The California Horse Racing Board (CHRB) is an independent agency of the State of California, United States. Established in 1933, The CHRB has authority over the regulation of horse racing and parimutuel betting at licensed California race tracks. The function of the CHRB is to watch over authorized California horse races to protect the public from fraudulent operations. It is formally part of the Business, Consumer Services and Housing Agency.

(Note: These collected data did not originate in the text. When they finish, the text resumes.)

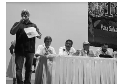
El mensaje inaugural de Álvaro Urreta, enlace federal para el diálogo y la reconciliación en Guerrero.

Entonces esta es la Cuarta Transformación. Aquí estamos todos. Tenemos que actuar con humildad, con sencillez, con coordinación, con participación, con escucha y juntos, colectivamente apoyar a Andrés López Obrador en estos próximos 6 años que van a ser muy interesante, para la transformación del país.
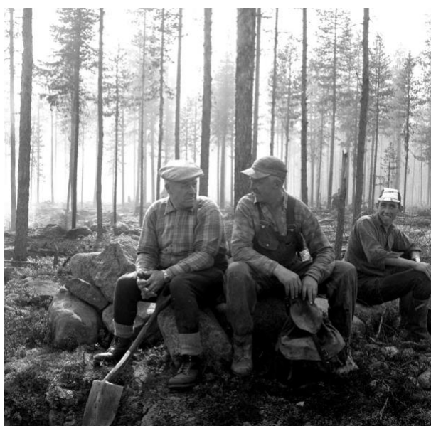
F A Englund Moskosel 50-tal.
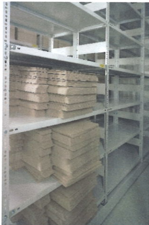
A kiterítve leszállított dobozok

Olyan típusú 686 darab savmentes irattartó dobozt vásároltunk, amelyet évek óta használunk, és ami a helykihasználásnak, a kialakított állványrendszernek, a polvtávolságoknak megfelel. A megvásárolt 686 darab doboz 68,60 iratfolyóméter iratanyag tárolásához elegendő.
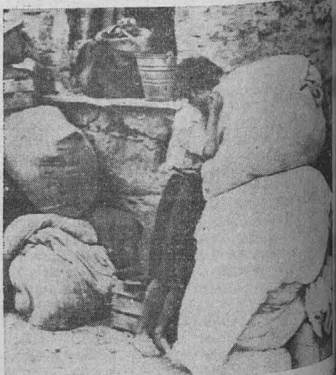
Ne očeta, ne matere, nikogar ni bilo, ki bi bil sprejel to ubogo dekletce, ko se je vrnilo na svoj porušeni dom. Take slike iz vojne se nam nudijo iz vseh nesrečnih krajev, katere je zajela ta vojna vihra.
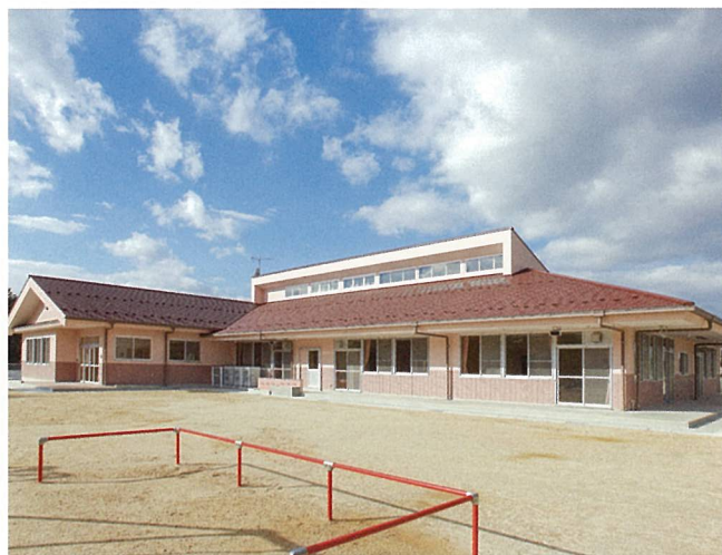
コスモス保育園 (竜王町)
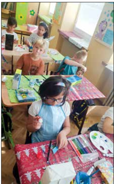
• Kreatívna tvorba – návrh na obal pre mlieko

V stredu 27.9.2023 si žiaci pripomenuli význam mlieka a mliečnych výrobkov v strave detí. Žiakom I. stupňa sa venovali naše šikovné žiačky z 8. B.
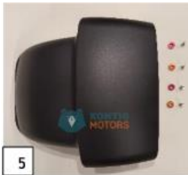
5 Etulokasuoja. (kuva 5).
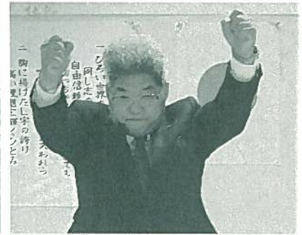
南富良野支部は日本にひとつしかない支部です
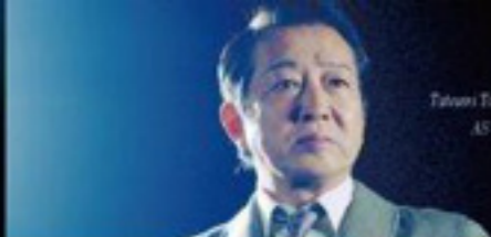
Takumi Takano AS: Physics

「放射能」の名付け親。二度のノーベル賞受賞者。核物理学の夜明けを告げた偉大な学者。唯一無二の女性マリ・キュリー。前近代と近代の狭間、二十世紀初頭という時代に、女として、母として、学究の徒として、己の人生を切り開いた偉大な女性。彼女を取り巻く家族や友人と共にその後半生を描く。

The CHRB has seven members who are appointed by the Governor of California. The CHRB also acts as a liaison with other states' horse racing boards and help make possible off-track betting with other race tracks. The CHRB has committees which oversee the assorted duties of the Board. One of these is the steward's committee which acts on the complaints and concerns of the stewards. The current Executive Director of the CHRB is former steward Scott Chaney, who was one of three stewards who controversially voted not to disqualify Bayern from a victory in the 2014 Breeder's Cup Classic, despite the fact that the horse had significantly interfered with several horses at the start of the race. After receiving criticism from horseplayers, Chaney famously stated that he knew nothing about handicapping. From Bloodhorse.com criticism that the incident changed the race by eliminating the pace rival Moreno, Chaney said, "Did it change the outcome? Any interference could. At the start of a mile-and-a-quarter race we're really loathe to make a change. You really don't want us handicapping the race." Chaney now oversees the stewards committee responsible judging the performance of the state's racetrack stewards.

== CHRB Chairmen ==
- Keith Brackpool (2010)
- John C. Harris (2009)
- Richard B. Shapiro (2006 - 2008)
- John C. Harris (2004 - 2005)
- Roger Licht (2003)
- Alan Landsburg (2002)
- Robert H. Tourtelot (2000 - 2001)
- George Nicholaw (1999)
- Ralph M. Scurfield (1992 - 1998)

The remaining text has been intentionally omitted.